5日移動平均線を割り込み、200日移動平均線も下回る

前回のコラムでは、「75日移動平均線が上向きに変化するようなら、反落する場面があってもサポートになることが期待されるほか、上昇トレンド発生のカギになるかもしれません」と解説しましたが、75日移動平均線の方向が安定せず、上下動している状態になっています。

その理由として挙げられるのが、株価水準の切り下げです。75日移動平均線は75日前の株価と現在の株価が入れ替わって方向が変化しますが、11月18日と19日は当日の株価が75日前の株価を下回っているため、75日移動平均線がわずかに下向きになっています。

ただ、今後は75日移動平均線が本格的に上向きに変化するかもしれません。なぜなら、75日前の株価が8月5日にかけての暴落時と入れ替わるため、75日移動平均線が上向きに変化することが考えられるためです。

一方で、5日や25日、200日の移動平均線を下回っているため、これらの移動平均線を上回って維持できずに現在の株価水準が続くような場合は、きっかけ次第で75日移動平均線を下回ることが考えられます。楽観はできない状態が続いていると言えるでしょう。

【図表】日経平均株価(日足)
出所:i-chartより株式会社インベストラスト作成 
※移動平均線は5日、75日、200日を表示

モメンタムが上昇できるか要注目

続いて、上昇と下落の勢いを教えてくれるモメンタムを見ると、どうでしょうか。

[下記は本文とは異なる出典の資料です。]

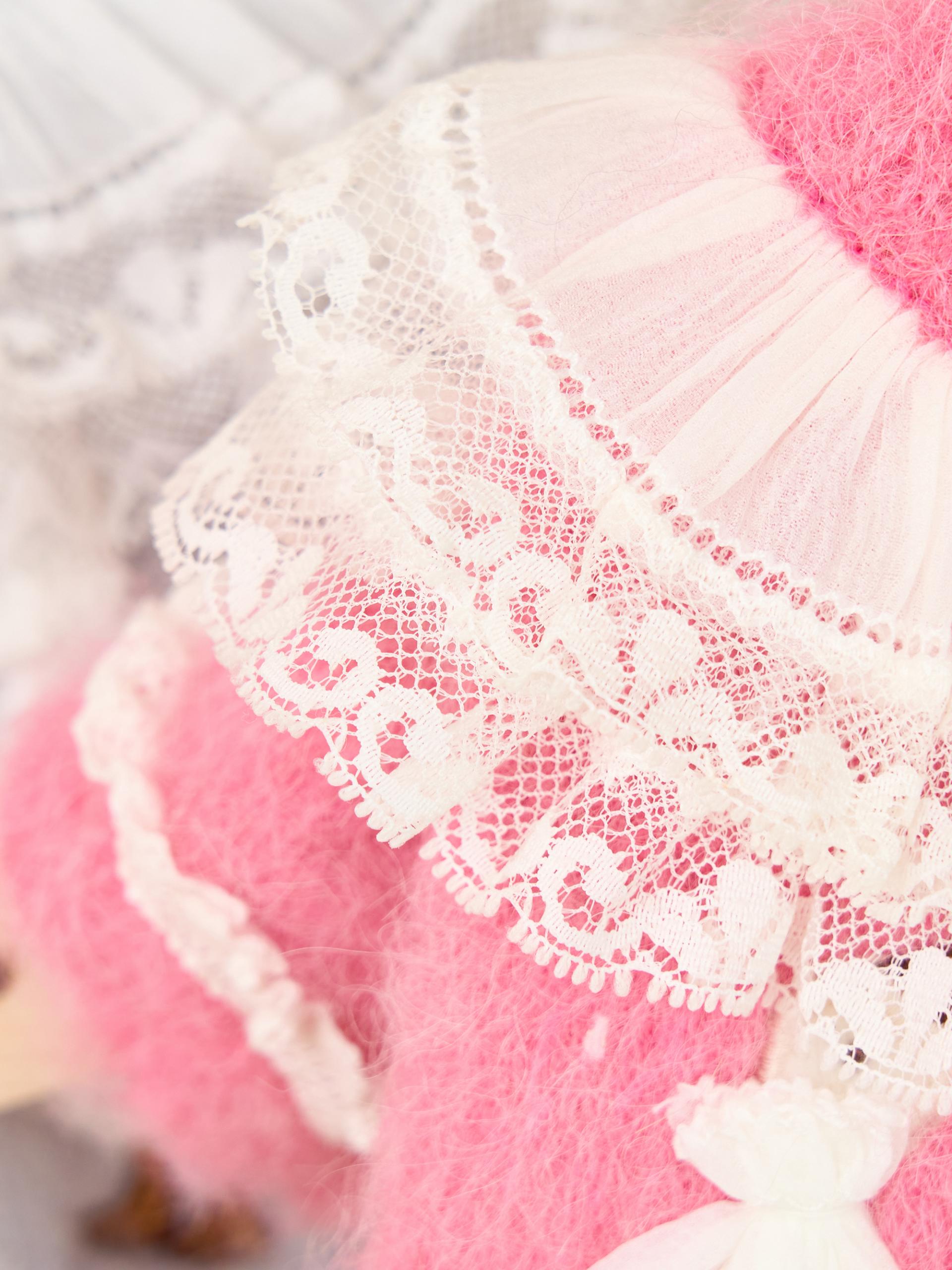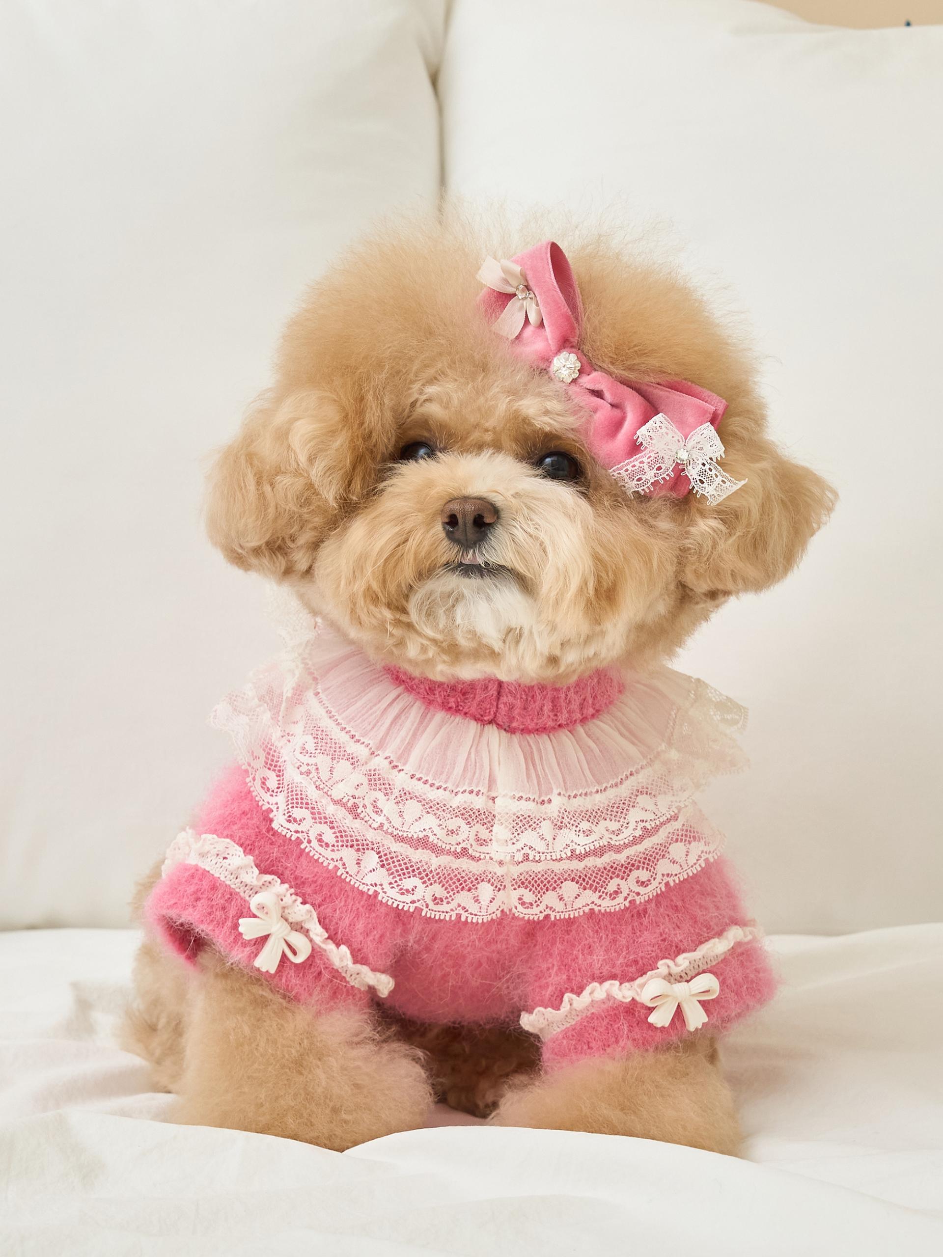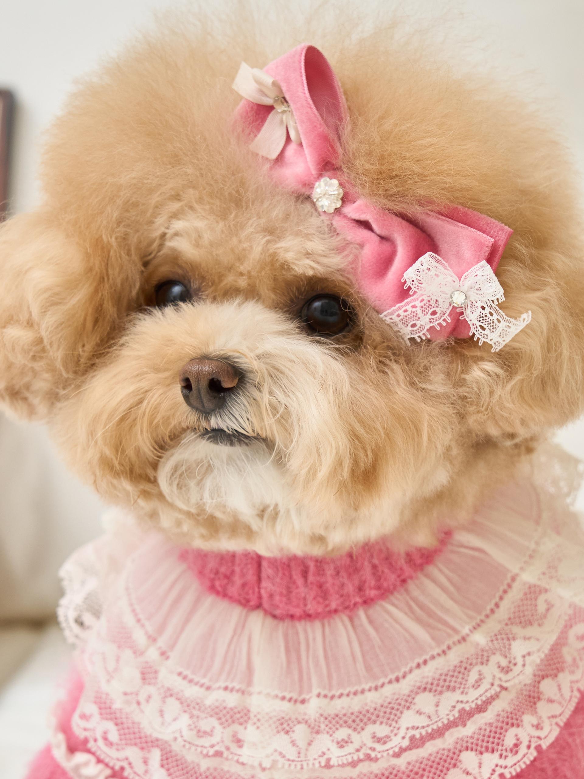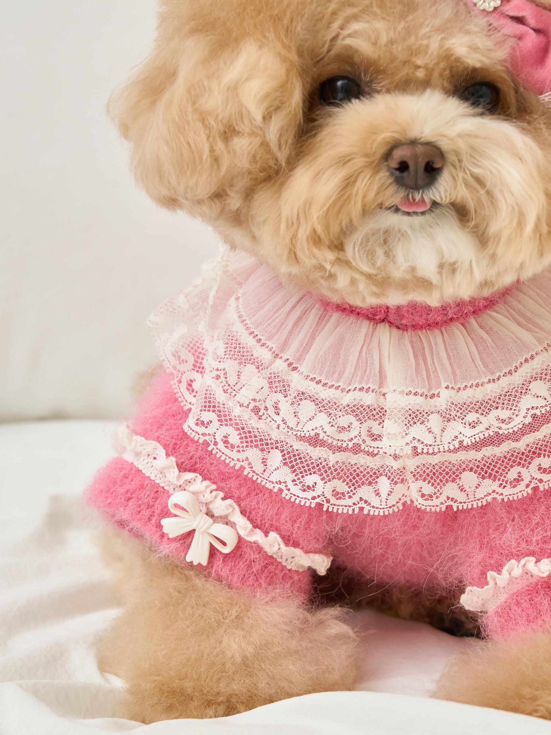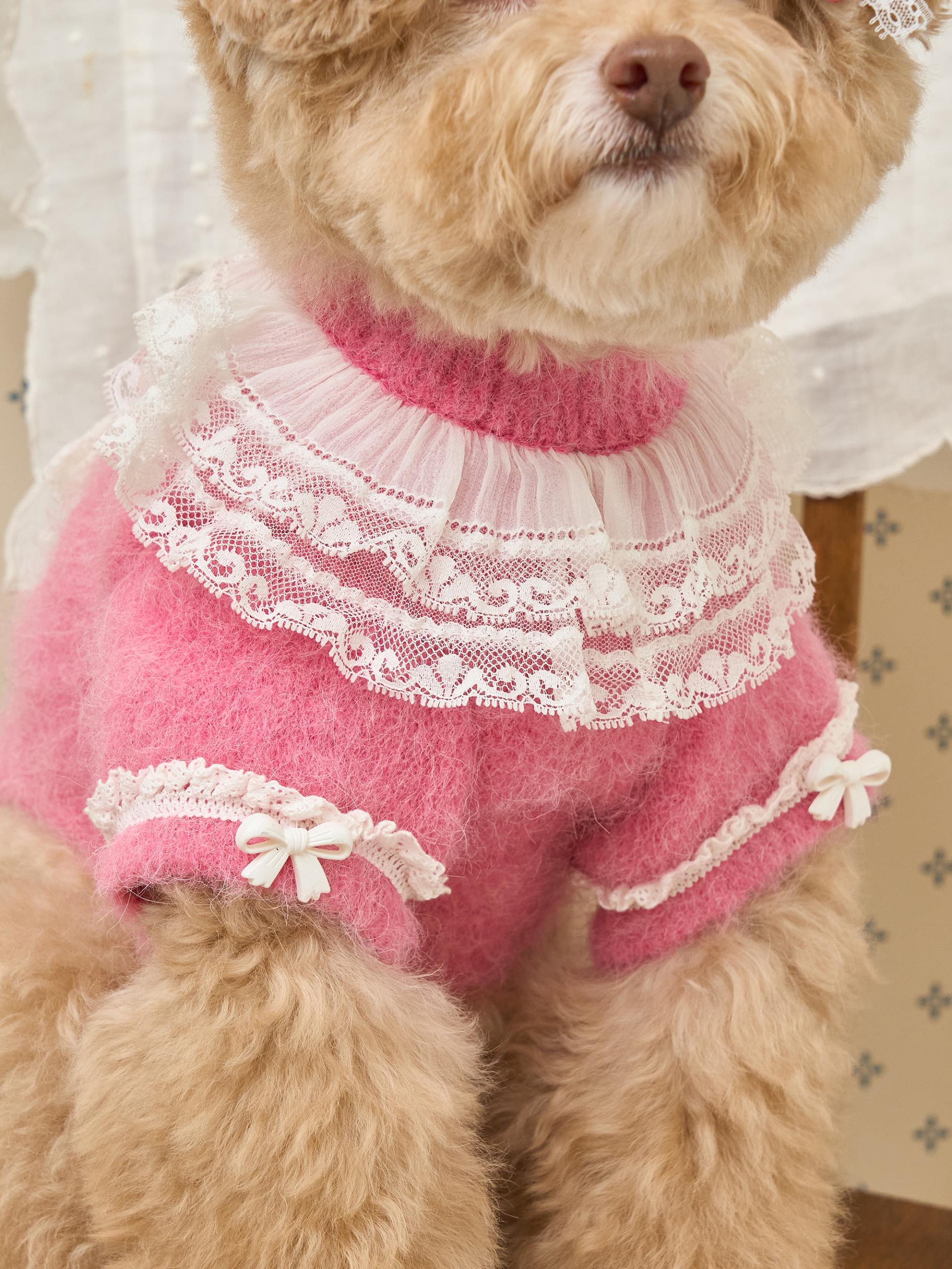 네크라인에는 섬세한 레이스 장식의 프릴 케이프가

モメンタムとその移動平均線であるシグナルの両方が、上昇と下落の勢いの判断の分かれ目となる0ライン近辺で推移しており、上昇も下落も勢いが出ていないことが分かります。

こうした状況から、モメンタムとシグナルが上下どちらに動き出すかが注目ポイントになります。仮に2本線が低下し始めるとともに水準が切り下がっていくようなら、75日移動平均線が上向きに変化していた場合でも、株価が75日移動平均線を下回って戻せなくなることが考えられます。そのため、下降トレンドの発生に注意が必要になります。

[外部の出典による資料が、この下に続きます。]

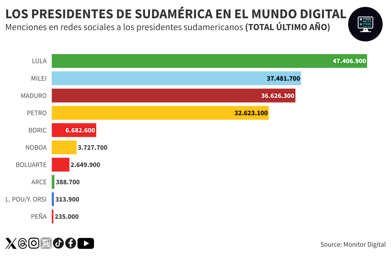 En el caso de Lula y Maduro, ambos generan conversación digital por políticas sociales, polémicas internas y sus posturas ideológicas, con un apoyo decisivo de la militancia online que también influye en este volumen.
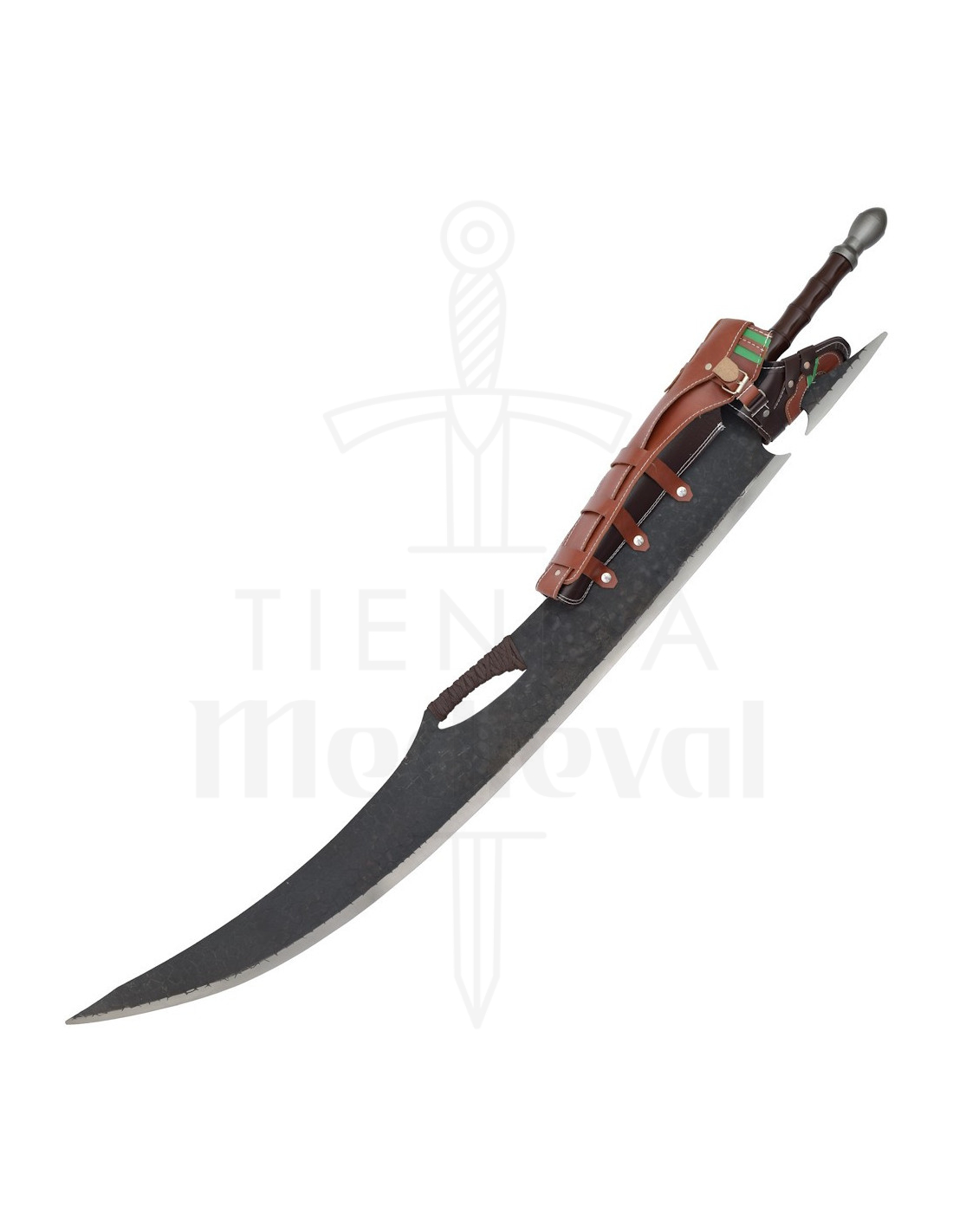 The brown sheath with green and black details, straps with silver closures, and visible stitching make storage part of the spectacle, providing an elegant solution for both wall hanging and transport to events. Everything is designed to make the presentation as striking as the sword itself.

一方で、2本線が上向きに変化して上昇するようなら、5日や200日移動平均線を一気に上回って4万円に接近することも視野に入るのではないかと思われます。株価水準が徐々に切り下がってきている日経平均株価ですが、もち合いが続いたり、株価水準が切り下がったりするような場合は、下降トレンド発生の可能性が高まるため注意しておきたいところです。